Charlie Cooper

Personal information
- Full name: Charlie Terrence Cooper
- Date of birth: 1 May 1997 (age 29)
- Place of birth: Stockton-on-Tees, England
- Height: 5 ft 9 in (1.75 m)
- Position: Central midfielder

Team information
- Current team: Brackley Town

Youth career
- 2007–2015: Birmingham City

Senior career*
- Years: Team / Apps / (Gls)
- 2015–2017: Birmingham City / 0 / (0)
- 2016: → Forest Green Rovers (loan) / 0 / (0)
- 2016: → York City (loan) / 5 / (0)
- 2016–2017: → Forest Green Rovers (loan) / 21 / (0)
- 2017–2019: Forest Green Rovers / 25 / (1)
- 2018: → Newport County (loan) / 9 / (0)
- 2019: → Boreham Wood (loan) / 5 / (0)
- 2019–2020: FC Halifax Town / 27 / (1)
- 2020–2021: Woking / 38 / (3)
- 2021–2022: Wealdstone / 36 / (2)
- 2022–2023: Oldham Athletic / 15 / (0)
- 2023–2026: Yeovil Town / 97 / (2)
- 2025: → Hereford (loan) / 5 / (0)
- 2025–2026: → Kidderminster Harriers (loan) / 26 / (5)
- 2026–: Brackley Town / 0 / (0)

= Charlie Cooper (footballer) =

English footballer (born 1997)

Charlie Terrence Cooper (born 1 May 1997) is an English professional footballer who plays as a central midfielder for National League North club Brackley Town.

Cooper began his career with Birmingham City, but never played for their first team. He spent time on loan at National League clubs York City and Forest Green Rovers before joining the latter on a permanent basis in 2017 after their promotion to the Football League. In 2018–19, he spent time on loan at League Two club Newport County and Boreham Wood of the National League. Cooper subsequently spent seasons with National League clubs FC Halifax Town, scoring once from 31 appearances, Woking and Wealdstone, before joining Oldham Athletic in 2022.

==Life and career==
===Early life and career===
Cooper is the son of former footballer Mark Cooper and grandson of England international Terry Cooper. He was born in Stockton-on-Tees, County Durham, while his father was a Hartlepool United player. The family later moved to the Midlands, where Cooper attended Alderbrook School in Solihull. He was noticed by representatives of Birmingham City when playing in a cup final, and joined their Academy in 2007. He took up a scholarship with the club in July 2013. Interviewed in early 2014, he assessed his strength as passing, and felt he needed to improve his heading.

Cooper signed his first professional contract, of two years, in May 2015. According to coach Steve Spooner, "Charlie is like the conductor of the orchestra; he sets the tone. He's learnt how to slow games down and speed games up. His range of passing has improved, as well as his goal scoring. And I think there is more to come from him in that area."

===National League football===
Cooper joined National League club Forest Green Rovers on a month's youth loan on 23 January 2016. He was an unused substitute for four matches before Birmingham recalled him.
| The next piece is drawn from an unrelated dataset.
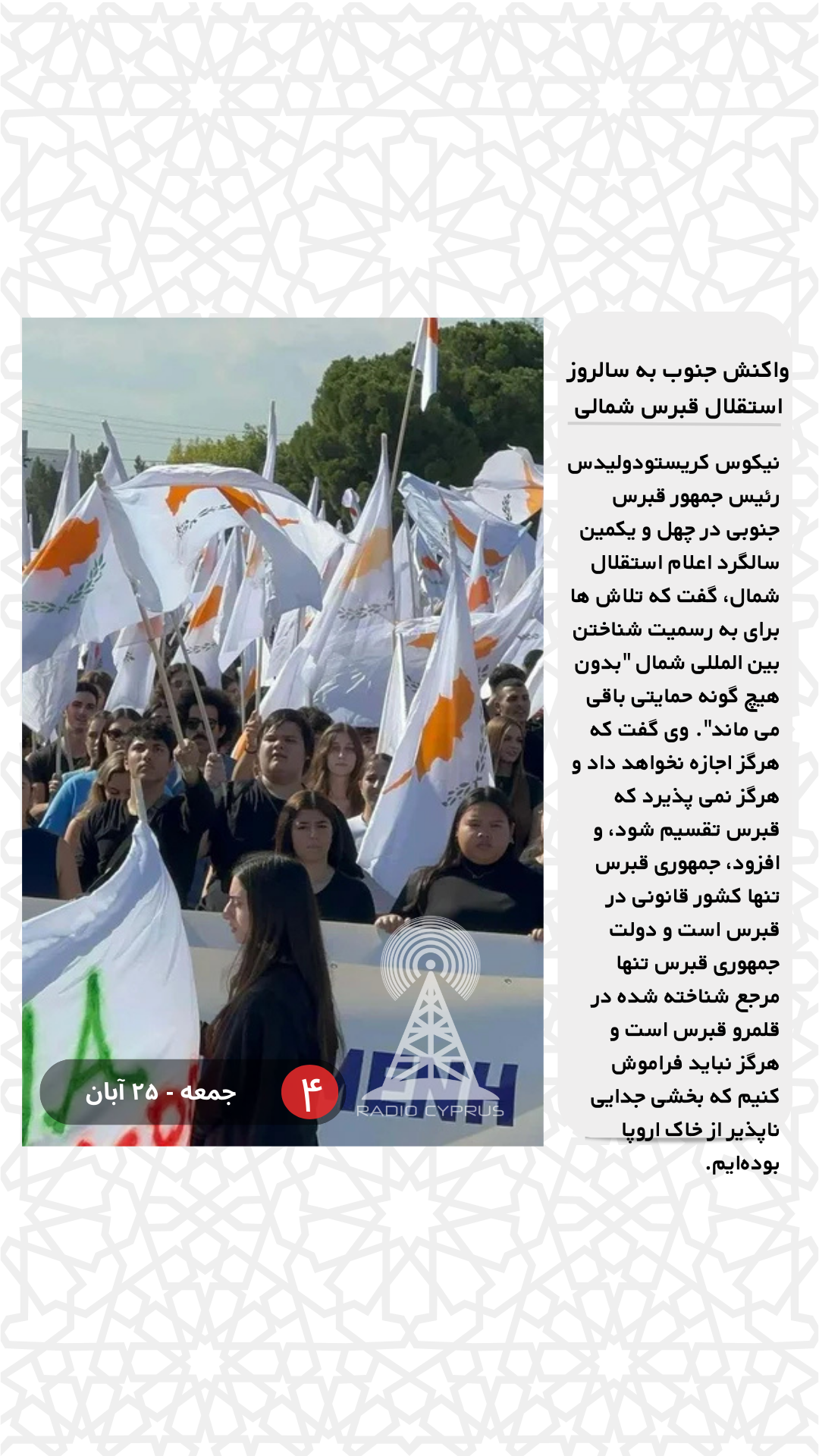 نیکوس کریستودولیدس رئیس جمهور قبرس جنوبی در چهل و یکمین سالگرد اعلام استقلال شمال، گفت که تلاش ها برای به رسمیت شناختن بین المللی شمال “بدون هیچ گونه حمایتی باقی می ماند”. وی گفت که هرگز اجازه نخواهد داد و هرگز نمی پذیرد که قبرس تقسیم شود، و افزود، جمهوری قبرس تنها کشور قانونی در قبرس است و دولت جمهوری قبرس تنها مرجع شناخته شده در قلمرو قبرس است و هرگز نباید فراموش کنیم که بخشی جدایی ناپذیر از خاک اروپا بودهایم.

He was a member of the Birmingham reserve team that lost the 2016 Birmingham Senior Cup final to National League North champions Solihull Moors.

On 26 October of the following season, he was loaned to another National League club, this time York City. He went straight into the starting eleven for the next match, at home to Sutton United. According to Dave Flett of the York Press, Cooper "introduced some much-needed forward thrust" to the midfield as the match ended 2–2. He started four more matches, all in the league, before returning to Birmingham after one month.
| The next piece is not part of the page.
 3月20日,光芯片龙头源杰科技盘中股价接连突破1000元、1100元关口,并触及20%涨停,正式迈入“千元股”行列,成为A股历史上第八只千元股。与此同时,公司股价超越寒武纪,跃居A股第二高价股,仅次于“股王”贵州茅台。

On 9 December, Cooper rejoined Forest Green Rovers – who were by that time under his father's management – for another month. After he made five appearances during the month, Birmingham allowed the loan to be extended to the end of the season. He was a regular starter throughout his loan spell, and helped the club gain promotion to the Football League for the first time in the club's history.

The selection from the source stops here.